=== Task ===
Print out every line of the material exactly. Include no pictures.

-------- Information supplied

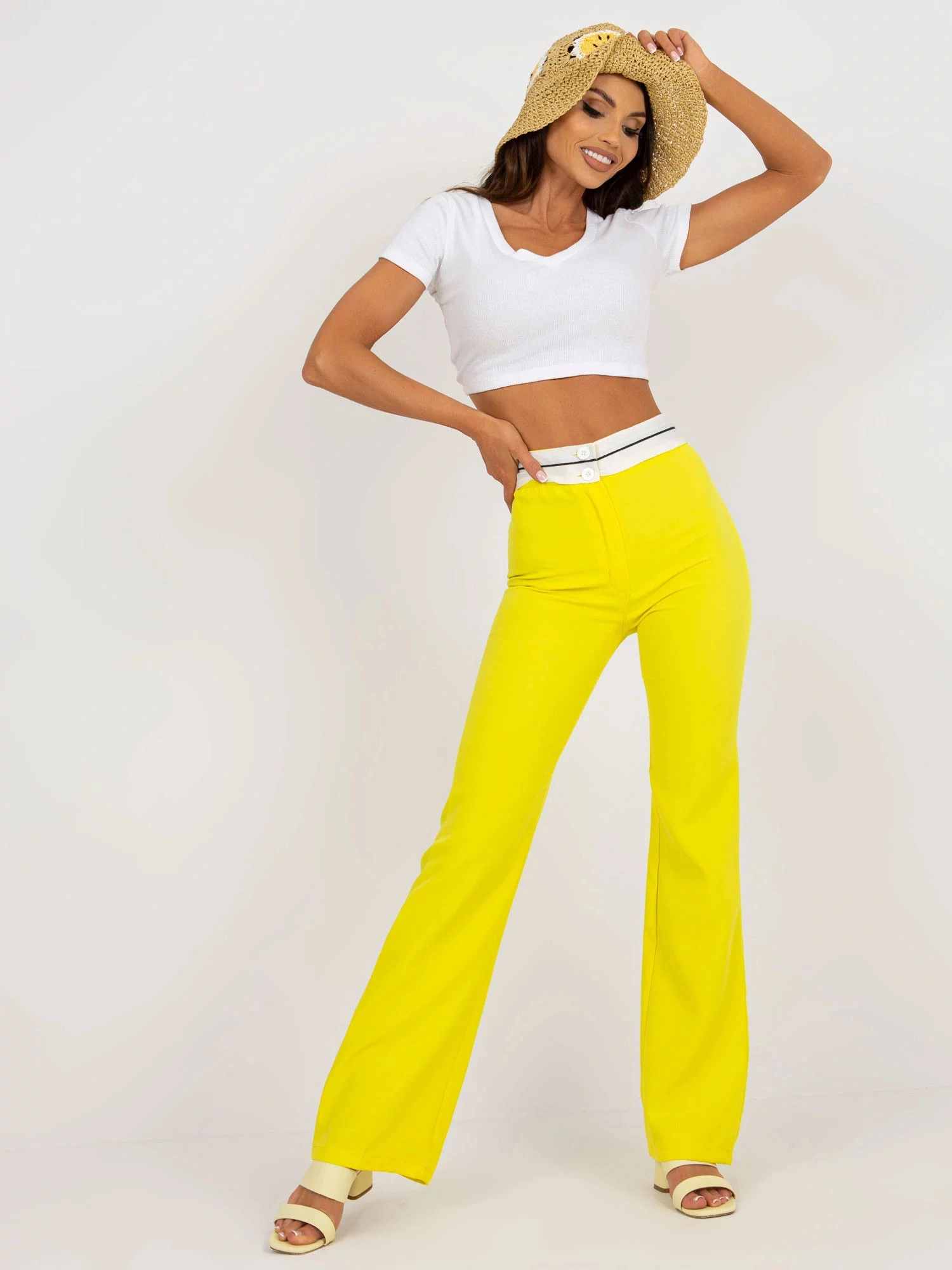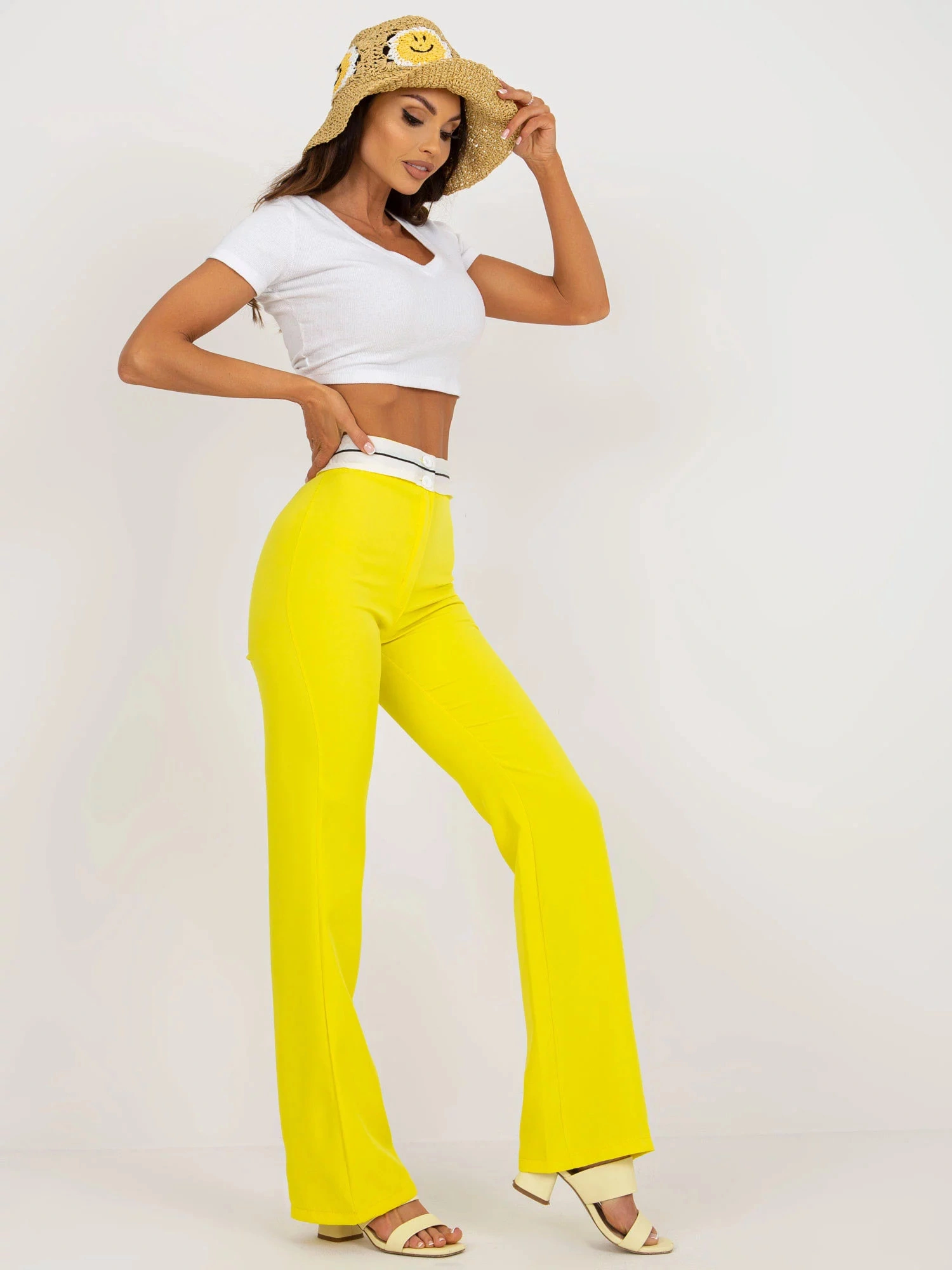 Żółte spodnie garniturowe wykonane z tkaniny z kantem.
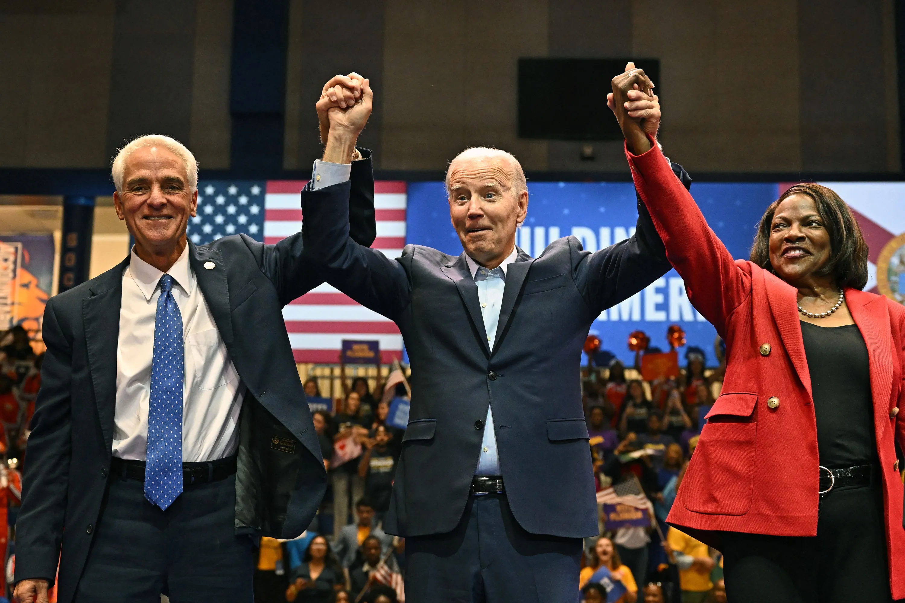 Charlie Crist (L), Democratic Gubernatorial candidate for Florida, US President Joe Biden (C) and Val Demings, Democratic Senatorial candidate for Florida acknowledge the crowd during a Democratic National Committee reception at Florida Memorial University in Miami Gardens, Florida, on November 1, 2022. (Photo by Jim Watson/AFP Photo)
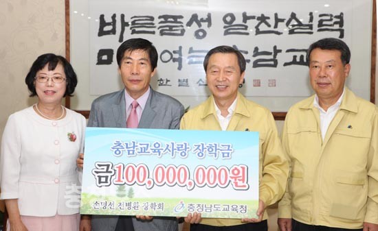 충남교육청(교육감 김종성)은 23일 오전 교육감 접견실에서 충북 청주에 사는 전병환씨로부터 장학금 1억원을 기탁받았다고 밝혔다.
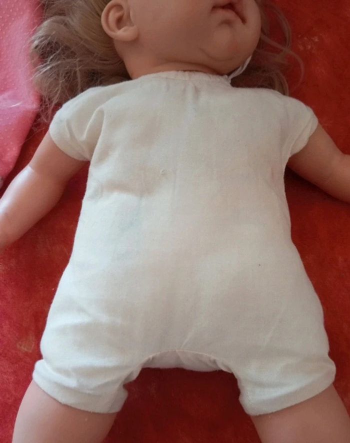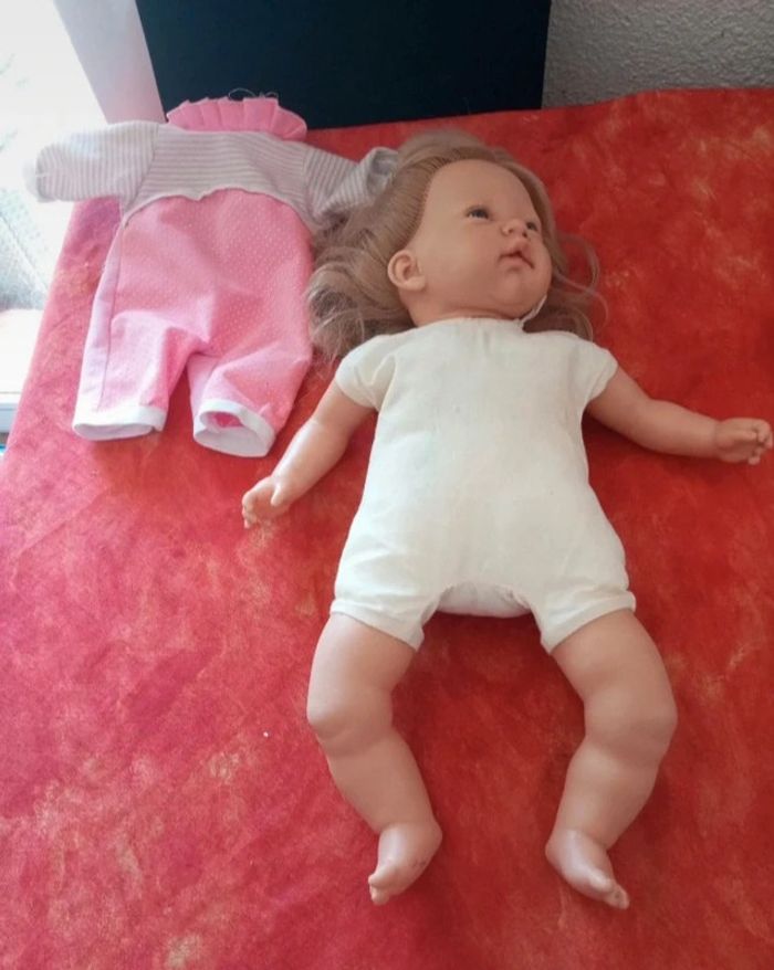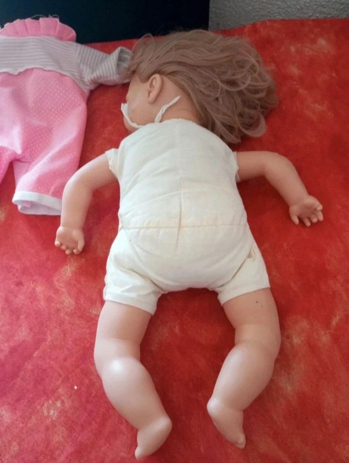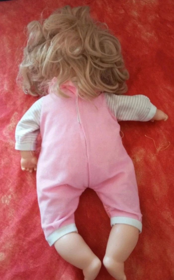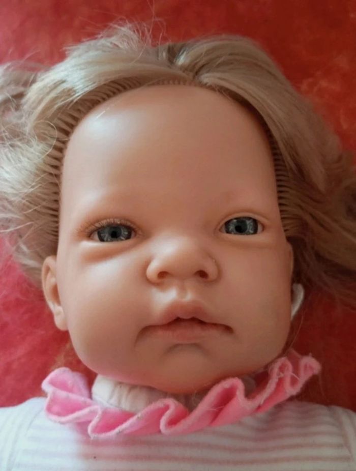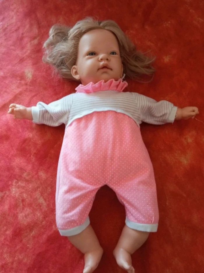 Vends cette Poupée blonde de la marque Nines A. d'onil avec un pyjama rose. Le corps est souple, jolie expression du visage. En bon état, avec des traces de stylo et de colle, vendu comme sur les nombreuses photos. Dans mon dressing, il y a d'autres peluches , des figurines, des Barbie, des Petshop, des Lego Duplo, des Playmobil, des Barbie et beaucoup de jeux et jouets vintage

----------------

=== Exercise solution ===
 Żółte spodnie garniturowe wykonane z tkaniny z kantem.
 Charlie Crist (L), Democratic Gubernatorial candidate for Florida, US President Joe Biden (C) and Val Demings, Democratic Senatorial candidate for Florida acknowledge the crowd during a Democratic National Committee reception at Florida Memorial University in Miami Gardens, Florida, on November 1, 2022. (Photo by Jim Watson/AFP Photo)
 충남교육청(교육감 김종성)은 23일 오전 교육감 접견실에서 충북 청주에 사는 전병환씨로부터 장학금 1억원을 기탁받았다고 밝혔다.
 Vends cette Poupée blonde de la marque Nines A. d'onil avec un pyjama rose. Le corps est souple, jolie expression du visage. En bon état, avec des traces de stylo et de colle, vendu comme sur les nombreuses photos. Dans mon dressing, il y a d'autres peluches , des figurines, des Barbie, des Petshop, des Lego Duplo, des Playmobil, des Barbie et beaucoup de jeux et jouets vintage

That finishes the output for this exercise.